4. Expenses. Client shall reimburse Pro-Vision for all reasonable, ordinary and
necessary expenses incurred by Pro-Vision in performance of its duties hereunder, including without
limitation, reimbursement for automobile mileage at a rate periodically set by the Internal Revenue
Service (presently 40.5 cents/mile), phone and a mutually agreed upon per diem for lodging and
meals. However, in no case shall any such expense reimbursements exceed $950 in any single week.
Payment for expenses will be paid 14 days after receipt by Client from Pro-Vision of expenses due.
All other expenses incurred by Pro-Vision under the direction of Client in development of project
such as air travel, meeting expenses, copy, postage and office materials utilized remotely from
Client supplied office will be reimbursed at cost and will not be within weekly limitation
previously defined.
5. Support Services.
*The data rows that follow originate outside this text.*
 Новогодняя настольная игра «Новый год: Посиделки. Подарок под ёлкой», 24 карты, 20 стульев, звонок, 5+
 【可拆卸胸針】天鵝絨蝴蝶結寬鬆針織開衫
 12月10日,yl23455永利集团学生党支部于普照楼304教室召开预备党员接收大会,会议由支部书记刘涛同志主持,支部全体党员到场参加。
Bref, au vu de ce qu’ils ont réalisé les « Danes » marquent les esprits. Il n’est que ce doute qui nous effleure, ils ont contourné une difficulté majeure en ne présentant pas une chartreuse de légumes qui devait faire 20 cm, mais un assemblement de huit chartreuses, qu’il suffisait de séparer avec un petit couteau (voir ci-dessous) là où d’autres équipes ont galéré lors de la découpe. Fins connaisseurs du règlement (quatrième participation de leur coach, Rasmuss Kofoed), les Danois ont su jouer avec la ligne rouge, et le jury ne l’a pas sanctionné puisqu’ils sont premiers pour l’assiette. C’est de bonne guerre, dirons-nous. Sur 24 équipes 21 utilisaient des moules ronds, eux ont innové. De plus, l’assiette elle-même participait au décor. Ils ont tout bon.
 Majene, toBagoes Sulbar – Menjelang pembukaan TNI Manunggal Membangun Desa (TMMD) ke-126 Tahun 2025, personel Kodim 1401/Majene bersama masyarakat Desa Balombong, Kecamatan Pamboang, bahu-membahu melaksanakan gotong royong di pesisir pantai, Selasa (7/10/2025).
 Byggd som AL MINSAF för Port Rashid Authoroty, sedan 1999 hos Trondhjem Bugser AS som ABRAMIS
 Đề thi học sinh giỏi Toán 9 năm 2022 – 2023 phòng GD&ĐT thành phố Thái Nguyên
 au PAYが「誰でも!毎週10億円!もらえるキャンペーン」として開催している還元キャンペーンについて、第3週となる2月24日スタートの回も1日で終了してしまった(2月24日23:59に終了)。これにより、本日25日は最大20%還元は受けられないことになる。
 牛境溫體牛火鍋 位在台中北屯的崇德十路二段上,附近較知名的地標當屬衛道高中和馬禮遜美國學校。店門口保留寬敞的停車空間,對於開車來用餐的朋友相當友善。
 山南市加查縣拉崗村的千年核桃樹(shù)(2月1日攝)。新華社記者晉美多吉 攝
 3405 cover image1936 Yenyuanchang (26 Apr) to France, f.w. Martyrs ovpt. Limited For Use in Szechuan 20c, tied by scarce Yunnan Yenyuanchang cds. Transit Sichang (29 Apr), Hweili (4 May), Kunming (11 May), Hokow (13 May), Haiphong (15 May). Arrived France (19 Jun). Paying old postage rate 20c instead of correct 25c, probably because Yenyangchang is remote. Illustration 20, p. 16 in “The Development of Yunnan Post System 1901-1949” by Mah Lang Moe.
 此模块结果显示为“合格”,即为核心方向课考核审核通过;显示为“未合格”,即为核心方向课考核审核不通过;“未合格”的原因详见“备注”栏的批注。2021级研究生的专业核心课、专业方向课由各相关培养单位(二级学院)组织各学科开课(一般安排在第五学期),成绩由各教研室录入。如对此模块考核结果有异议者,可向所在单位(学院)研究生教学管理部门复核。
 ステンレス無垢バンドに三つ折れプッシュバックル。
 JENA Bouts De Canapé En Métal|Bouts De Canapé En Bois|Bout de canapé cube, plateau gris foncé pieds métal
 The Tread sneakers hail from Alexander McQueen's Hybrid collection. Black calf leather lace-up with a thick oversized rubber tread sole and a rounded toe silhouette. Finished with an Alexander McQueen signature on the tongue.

Client will provide the following support services for the
benefit of Pro-Vision as approved by Client: office space, office equipment, supplies and
administrative support such as accounting and secretarial.
6. Successors and Assigns Bound. This Agreement shall be binding upon the Client and
Pro-Vision, their respective heirs, executors, administrators, successors in interest or assigns,
including without limitation, any partnership, corporation or other entity into which the Client
may be merged or by which it may be acquired (whether directly, indirectly or by operation of law),
or to which it may assign its rights under this Agreement.
7. Relationship of the Parties. The parties understand that Pro-Vision is an
independent contractor with respect to Client and Pro-Vision agents do not represent employment of
Client. Client will not provide fringe benefits, including health insurance benefits, paid
vacation, or any other employee benefits for the benefit of Pro-Vision.
8. Injuries. Pro-Vision acknowledges Pro-Vision’s obligation to obtain appropriate
insurance coverage for the benefit of Pro-Vision and its agents. Pro-Vision waives any rights to
recover from Client for any injuries that Pro-Vision or his agents, may sustain while performing
services under this Agreement resulting from the negligence of Pro-Vision or his agents.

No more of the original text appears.